DO NOT MISS ME WHEN I’M GONE



Sent from my iPad

Begin forwarded message:
From: David Simon <davidworld2@me.com>
Date: February 15, 2018 at 8:57:58 AM EST





DO NOT MISS ME WHEN I’M GONE


I died.  Yesterday.  

I was sitting next to Diane Henley, the prettiest girl in school who I have never had the courage to talk to.

But she was on my mind.   Just like always.

I could smell her perfume, the one that I wished that I could somehow package, like in a  little ring box, so I could carry her home with me and at night, I could open it up like I was popping the question and then I would have the courage to talk to her.

Right before I died, I was pretending that she and I were dating and I was imagining a magical moment like it was snowing right here in Florida for the first time ever, like on Christmas morning.

In my daydream, we were sitting in study hall and when the snow started, everyone ran excitedly to the window, because none of us had ever seen anything like it before.  Was this God’s gift to us for graduation?

Diane was like a little girl, jumping up and down and that kind of broke my heart and made me want to cry because I couldn’t believe that she could look even prettier.

That’s when she suddenly turned to me and said, “Do you want to go outside with me?”

We ran down the stairs like we had wings on our ankles and burst out the front doors of school and immediately started to dance in the snow, like Belle and the Beast.  

She was that pretty.  It was that magical.

And she was just with me.

The snow felt like a million falling white butterflies and I remember thinking: I will never, ever be happier than this.

I can die now.

We built a snowman together and did snow angels.

And then her mom came to pick her up and just as she was about to run to her, she suddenly turned and kissed me.  On the lips.

Her lips felt like the warm silver dollar pancakes at iHop and tasted just as powered sweet.

I was the one who finally stopped, because her mom was honking and yelling something about not being late for her orthodontist.

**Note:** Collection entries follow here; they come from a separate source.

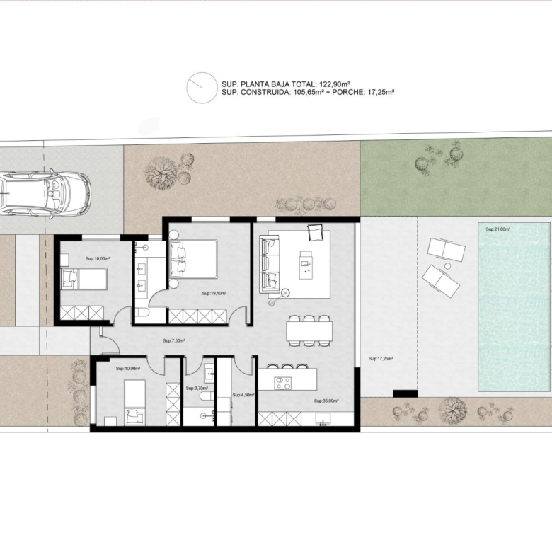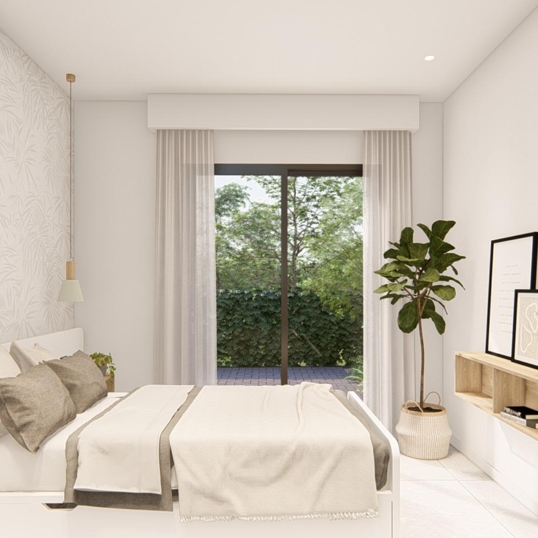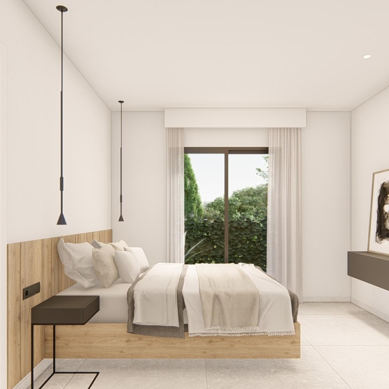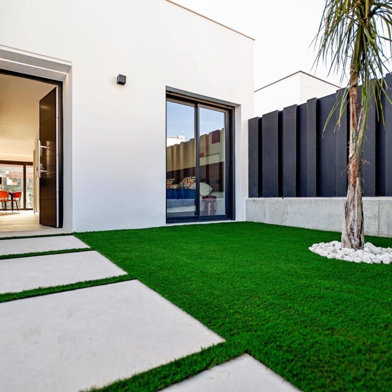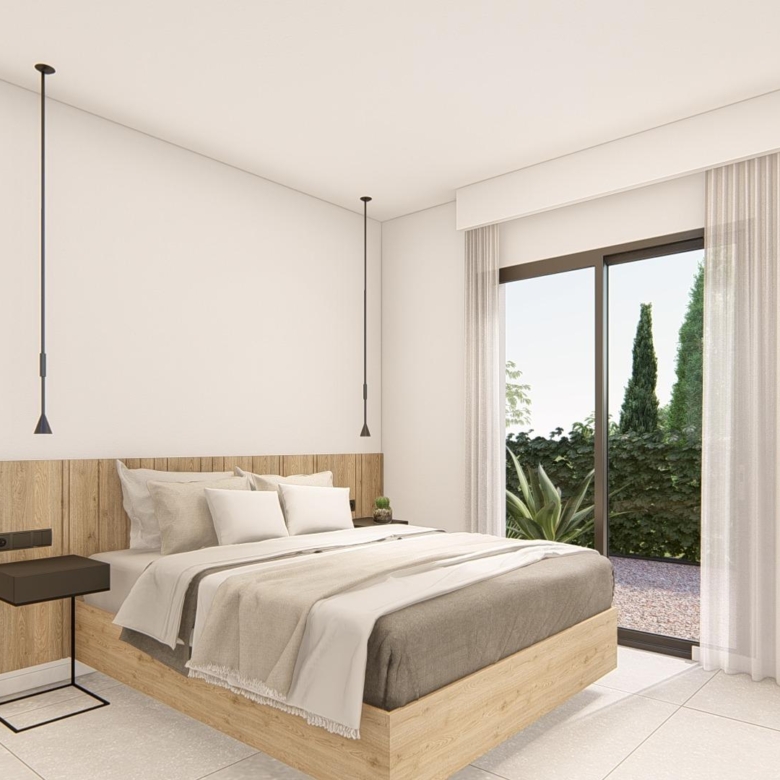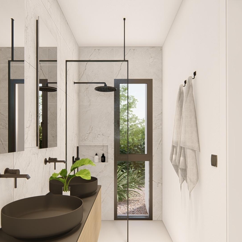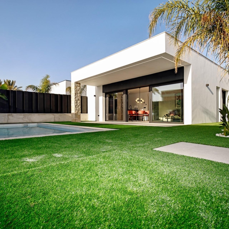 Villa neuve de plain-pied avec 3 chambres, 2 salles de bains, cuisine ouverte sur un salon spacieux, armoires équipées, terrasse, jardin privé avec piscine et place de parking.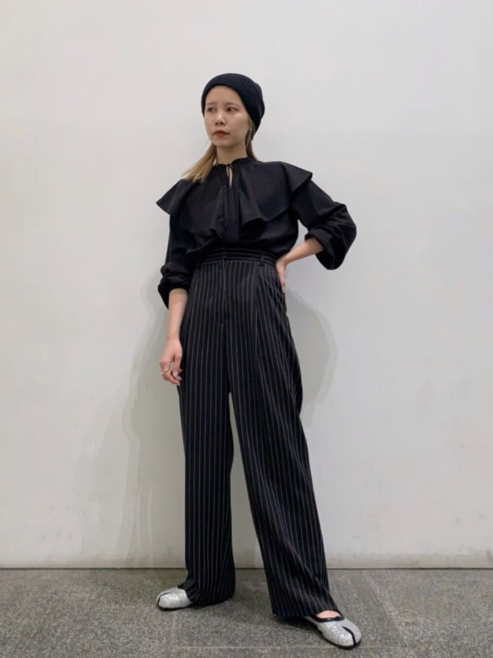 【ブラウス】中々気温が下がりきらないですが、そういう今の時期に重宝するブラウスです。襟周りのデザインがポイントなので、一枚で着て頂ける今の時期に是非挑戦して頂きたいです。 【パンツ】スカートでフェミニンに合わせるのもかわいいですが、敢えてクールなストライプパンツで◎細めなストライプなので主張しすぎず、きれいめな印象になります。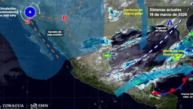 Para la Península de Baja California se pronostica cielo despejado la mayor parte del día, bancos de niebla matutinos en la costa occidental de Baja California, ambiente caluroso y viento de componente norte de 10 a 25 km/h.
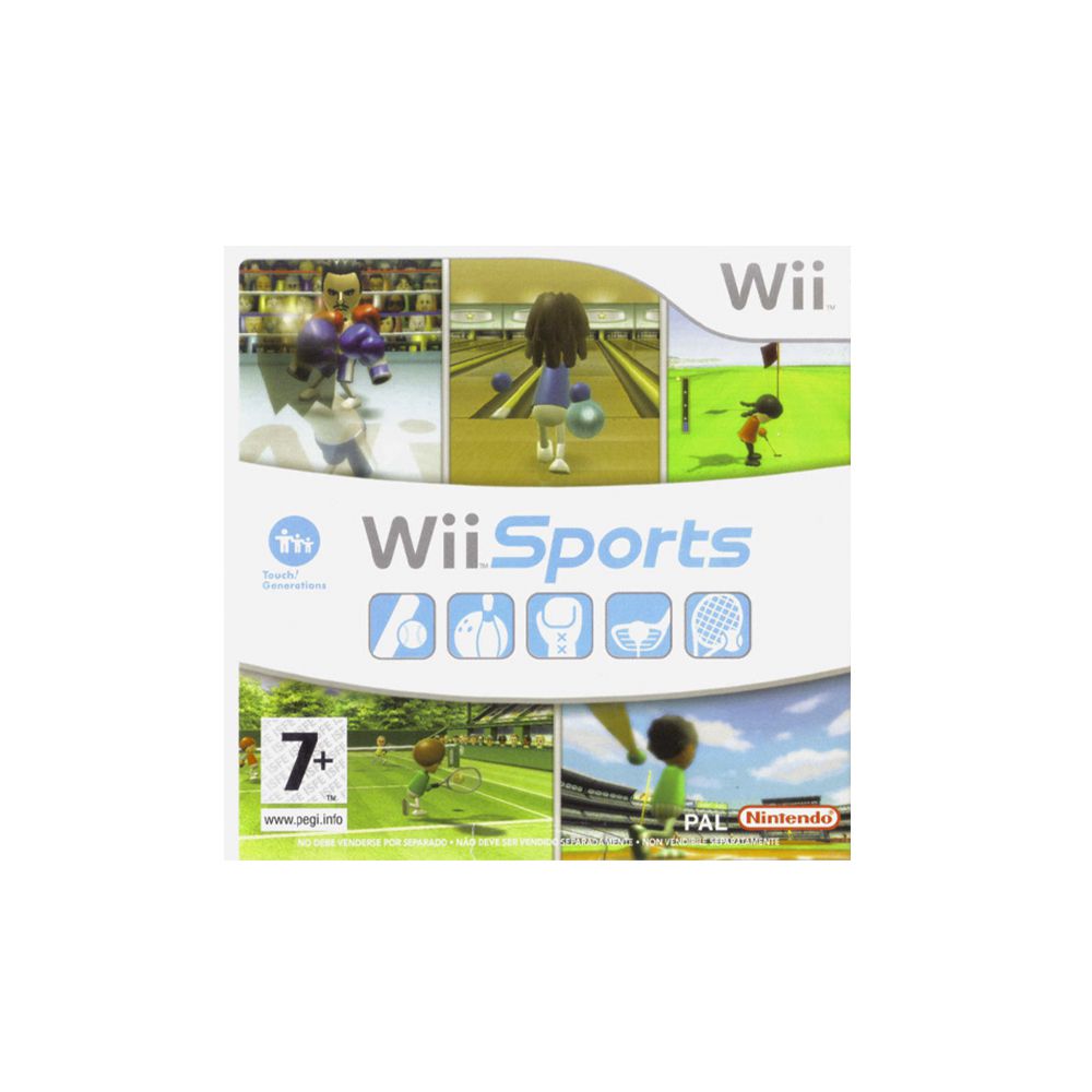 Diversão para amigos e família, o Wii Sports oferece cinco opções de jogo para entretenimento para 1-4 jogadores, sendo eles: tênis, beisebol, golfe, boxe e boliche. E para tudo isto, apenas o que é necessário é o controle remoto Wii e Nunchuk. Jogue com ou contra os amigos nestes variados modos de jogo com seus personagens Mii do Nintendo Wii.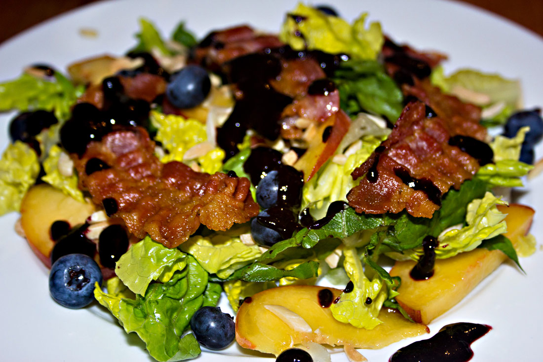 Fruchtiger Sommersalat mit Pfirsich, Heidelbeeren und Bacon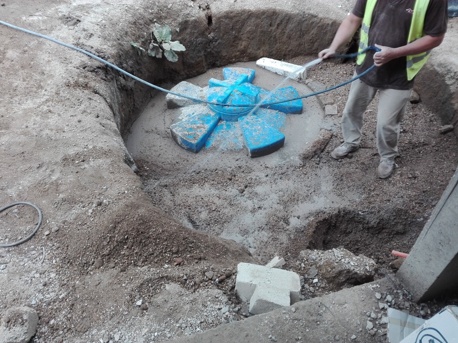 COLOCACION DE UNA CISTERNA DE POLIETILENO EN UNA CASA EN CONSTRUCCION. SE MUESTRA EL PROCESO DE LOS TRABAJOS DE OBRA CIVIL PARA LA COLOCACION DE UNA CISTERNA PREFABRICADA EN LA COCHERA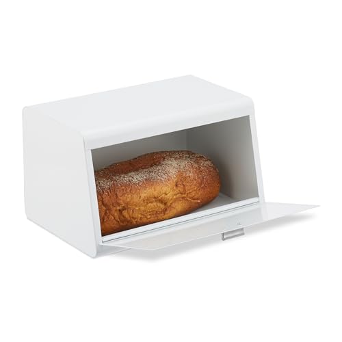Relaxdays Boite à Pain, Couvercle, poignée, Conservation optimale du Contenu, métal, HxLxP : 16,5x30x19 cm, Blanche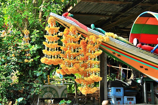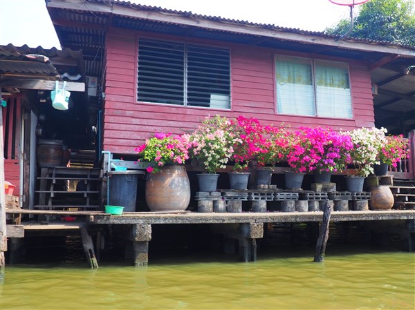 Pendant trois heures notre batelier nous a entrainé dans un labyrinthe aquatique, nous avons découvert des maisons en bois sur pilotis, des bicoques bringuebalantes au toit de tôle, mais aussi de belles demeures en teck, des temples de poche, des petits marchés flottants, une ferme à orchidées…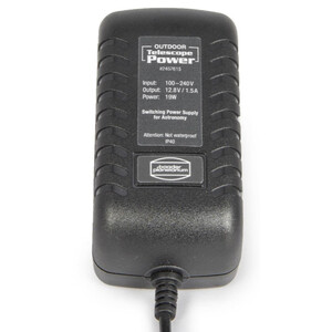 Il nuovo alimentatore Outdoor-Telescope-Power trasforma la comune corrente AC da 90 a 260 V in corrente DC da 12.8 Volt/1.5 A e la tensione, anche in caso di temperature estremamente basse, non si abbassa mai al punto da creare problemi ai componenti elettrici od ai motori della montatura. Con un rendimento continuo di 1.5 A/19 Watt , viene garantita una sufficiente riserva anche a pieno carico, anche con massicce strumentazioni sulla montatura e notevoli cambi di carico. Oltre alla maggiore tensione di base, il raggio di operatività da -25° a +40° è ideale per l'utilizzo all'esterno. Grazie al cavo prolungato da 2.5 m tra alimentatore e presa ad angolo, lo strumento non crea inciampi e rimane completamente a terra. La spina ad angolo protegge l'elettronica del telescopio da danni alla presa ed il trasformatore da danni al cavo o altri pericoli. Se si inciampa accidentalmente nel cavo, la presa non si stacca dal telescopio con uno strattone laterale, ma si libera correttamente dal giunto della spina ad angolo.
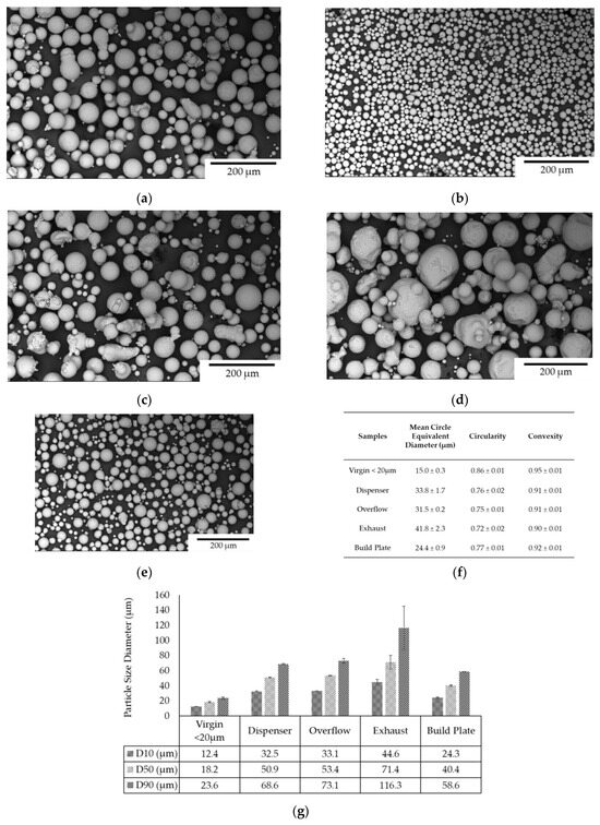 SEM images of Scalmalloy powder showing particle morphology across various samples. (a) Dispenser sample, (b) Virgin powder (<20 μm), (c) Overflow sample, (d) Exhaust sample, and (e) Build plate sample, after 44 h of printing. (f) Table summarizing the mean circle equivalent diameters along with circularity and convexity values for each sample. (g) Bar graph illustrating the D10, D50, and D90 particle size distributions for each sample.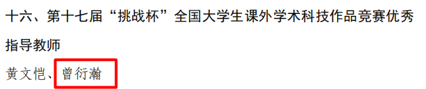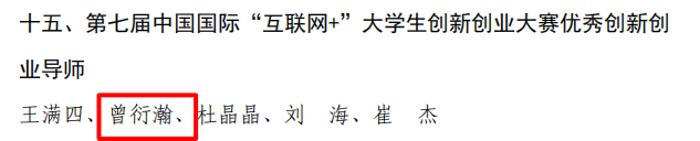 3.曾衍瀚被评为“第七届中国国际‘互联网+’大学生创新创业大赛优秀创新创业导师”和“第十七届‘挑战杯’全国大学生课外学术科技作品竞赛优秀指导教师”

And then, to my surprise,  Diane sprouted real, actual angel wings and as she flew away from me, she sang, ‘I will always love you” like Whitney Houstonand just like that she was gone.  Like fairy dust on the gust of a suddenly rude wind and all that I heard was the piano piece that I played at last year’s recital: Gymnopedies by Erik Satie, which always sounded like the music that ballerinas must listen to when they are lonely.

And in my dream I float home, like the air  was a skate board or the people moving sidewalk at EPCOT where mom and dad took me for my fourth birthday just because I had said off the top of my head one day, “I need to see magic.”

I had a lot of magic in my life.  

There were all the birthday parties with the piñatas that were filled with chocolate coins, which, when it finally broke, would shower me with gold and make me feel like the richest boy in the world.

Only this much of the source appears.